:: Problem details ::
Every line from the one bearing "Irregular linework inspired" through the last line of the records below is to be output exactly, and no other line; leave out the pictures.

:: Records shown ::
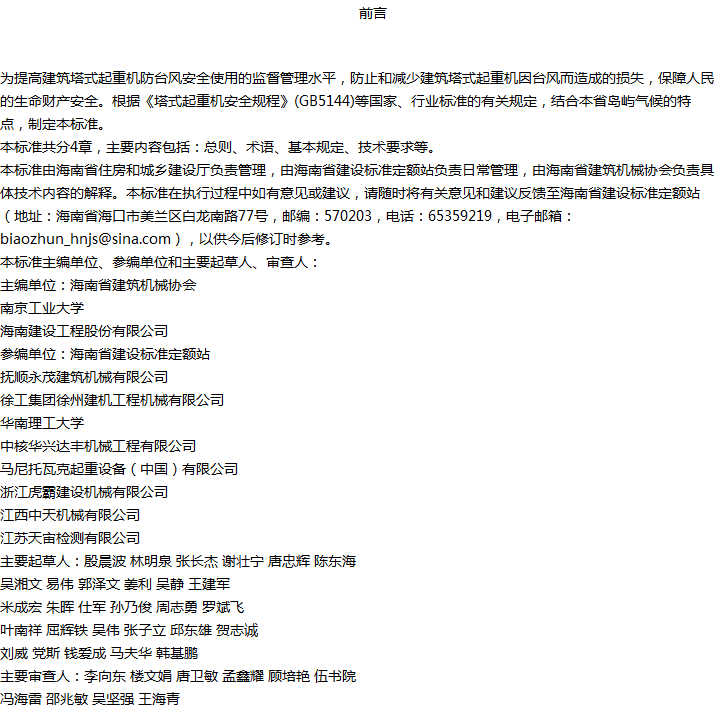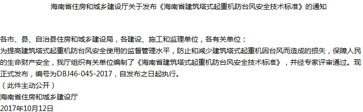 海南省建筑塔式起重机防台风安全技术标准收藏
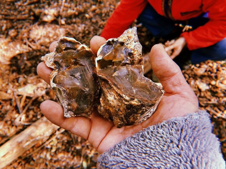 さらに進むと、近くに洞窟らしきところを見つけた。中に人が入れる大きさではなかったが、小さな穴が空いていたそうだ。穴の近くに転がっていた石を割って見ると、黄色い岩質が出てきた。その石はメノウだった。
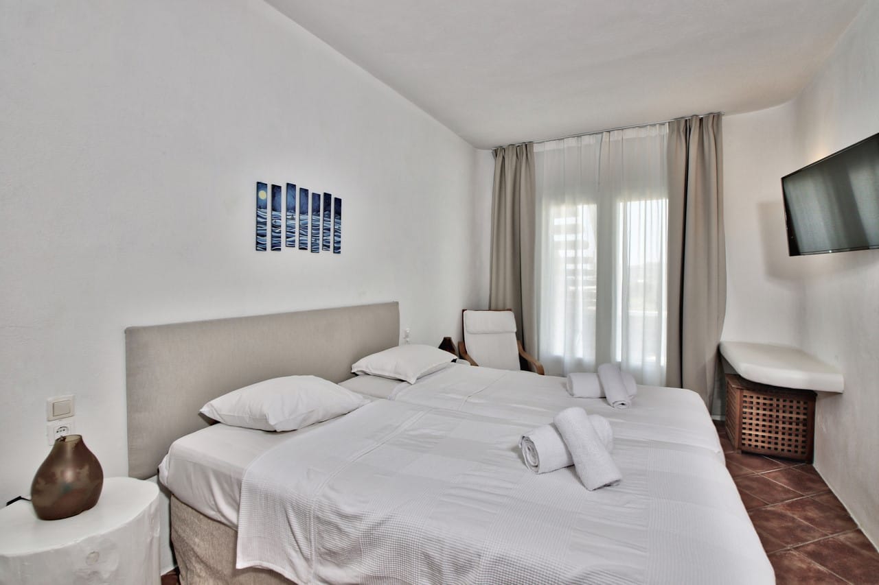 All three bedrooms are equipped with all the modern amenities, including air condition and TV set and have access to the terrace through the staircase that leads to the pool.
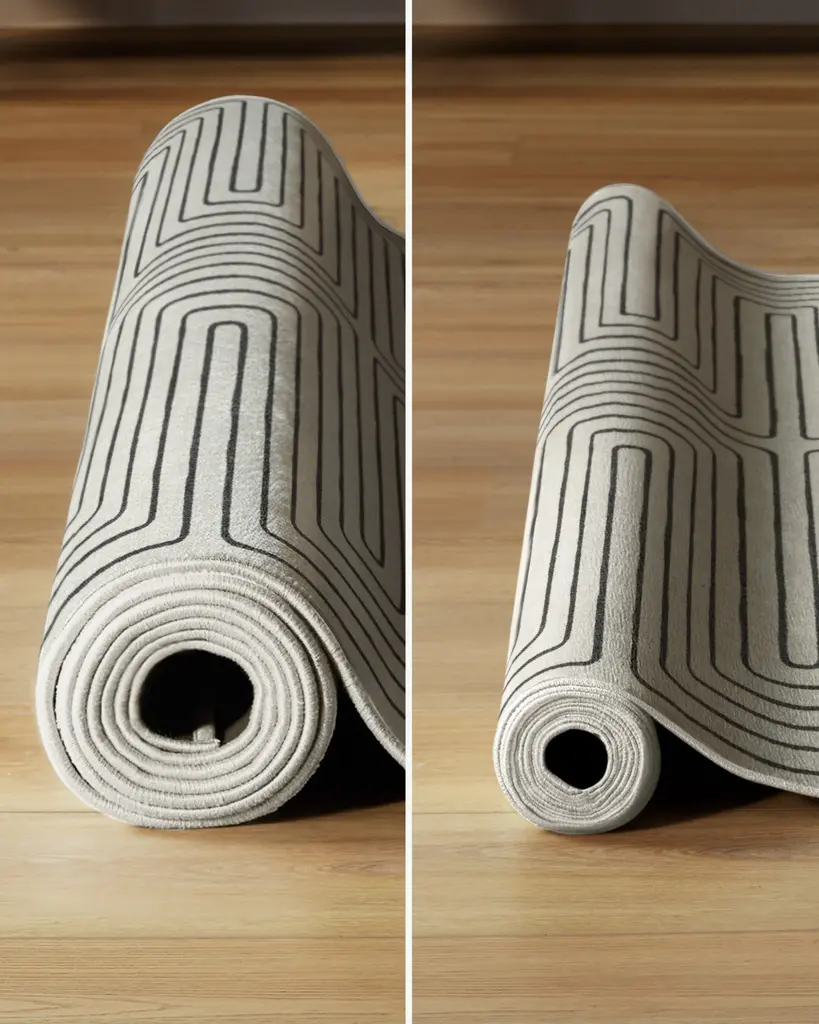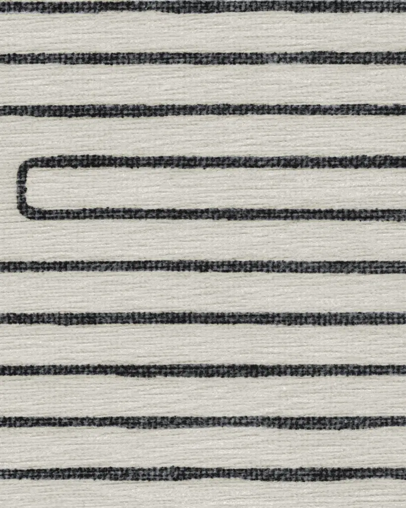 Irregular linework inspired by hand-cut paper softens a large scale maze pattern. Our Jonathan Adler Labyrinth Black and Ivory Rug features a continuous line with a hand-drawn feel in black on an ivory background. Water-resistant, stain-resistant, and machine-washable.
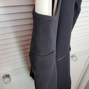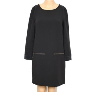 MADEWELL Sheath Black Dress Zipper Front Pockets Round Neck 3/4 Sleeves
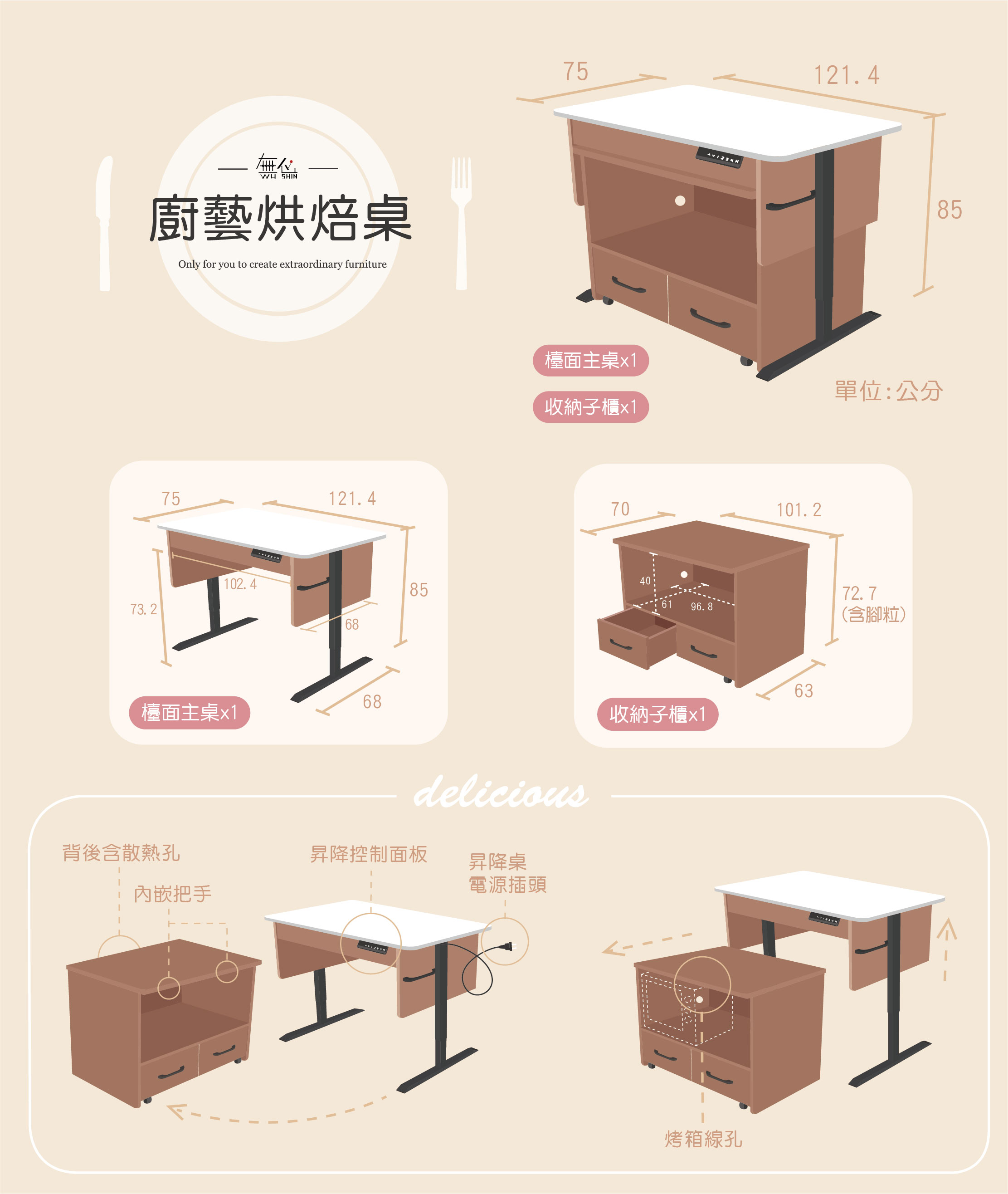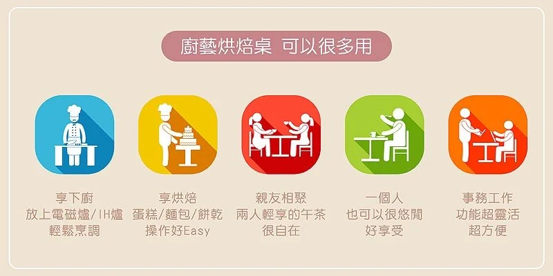 在現今許多家庭或單身朋友在購屋、遷居或租屋時,常因屋內空間有限而犧牲了廚房的空間與功能,這對於需要常常下廚的朋友,相信是非常困擾與不便的,而無心廚藝烘焙廚藝桌具備了可移動的功能,規格精巧,更可創造收納空間,可以讓您的廚房空間不再有需要犧牲選項的困擾,可以隨著您的需求與生活而移動。
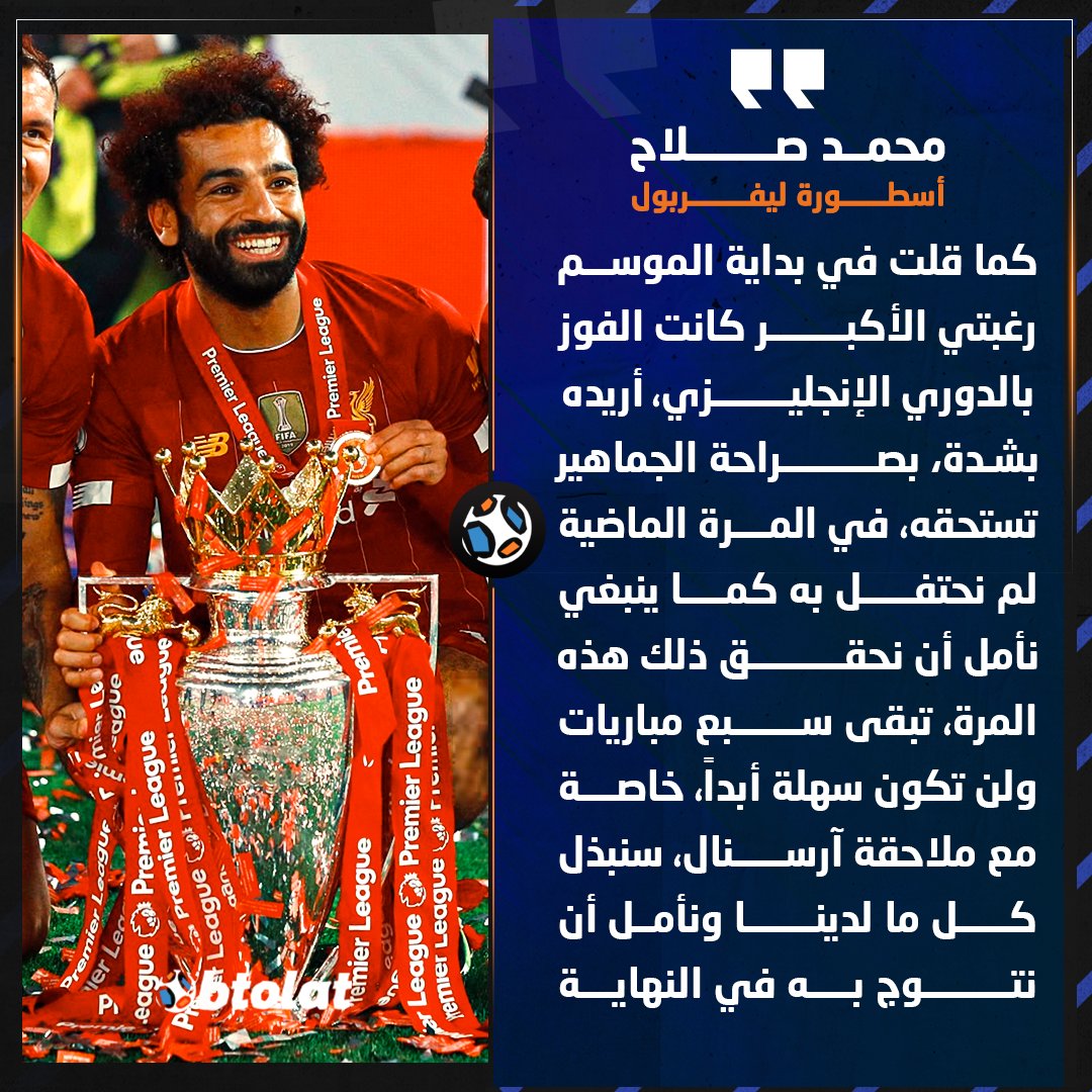 محمد صلاح "عن الفوز بالدوري الإنجليزي": أريده بشدة، بصراحة الجماهير تستحقه، في المرة الماضية لم نحتفل به كما ينبغي ونأمل أن نحقق ذلك هذه المرة
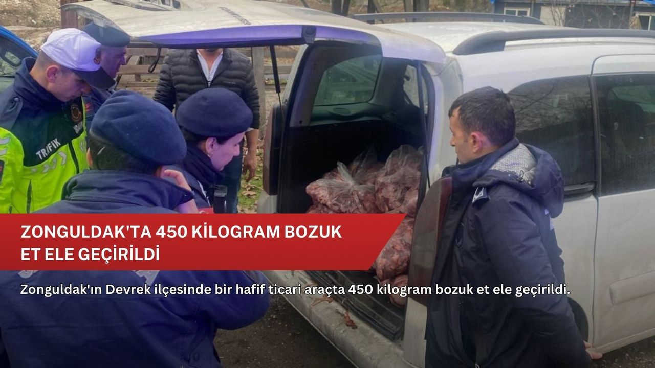 Denetimde il dışından geldiği tespit edilen bir ticari araçta 450 klogram bozulmuş et ele geçirildi.

:: Exercise answer ::
 Irregular linework inspired by hand-cut paper softens a large scale maze pattern. Our Jonathan Adler Labyrinth Black and Ivory Rug features a continuous line with a hand-drawn feel in black on an ivory background. Water-resistant, stain-resistant, and machine-washable.
 MADEWELL Sheath Black Dress Zipper Front Pockets Round Neck 3/4 Sleeves
 在現今許多家庭或單身朋友在購屋、遷居或租屋時,常因屋內空間有限而犧牲了廚房的空間與功能,這對於需要常常下廚的朋友,相信是非常困擾與不便的,而無心廚藝烘焙廚藝桌具備了可移動的功能,規格精巧,更可創造收納空間,可以讓您的廚房空間不再有需要犧牲選項的困擾,可以隨著您的需求與生活而移動。
 محمد صلاح "عن الفوز بالدوري الإنجليزي": أريده بشدة، بصراحة الجماهير تستحقه، في المرة الماضية لم نحتفل به كما ينبغي ونأمل أن نحقق ذلك هذه المرة
 Denetimde il dışından geldiği tespit edilen bir ticari araçta 450 klogram bozulmuş et ele geçirildi.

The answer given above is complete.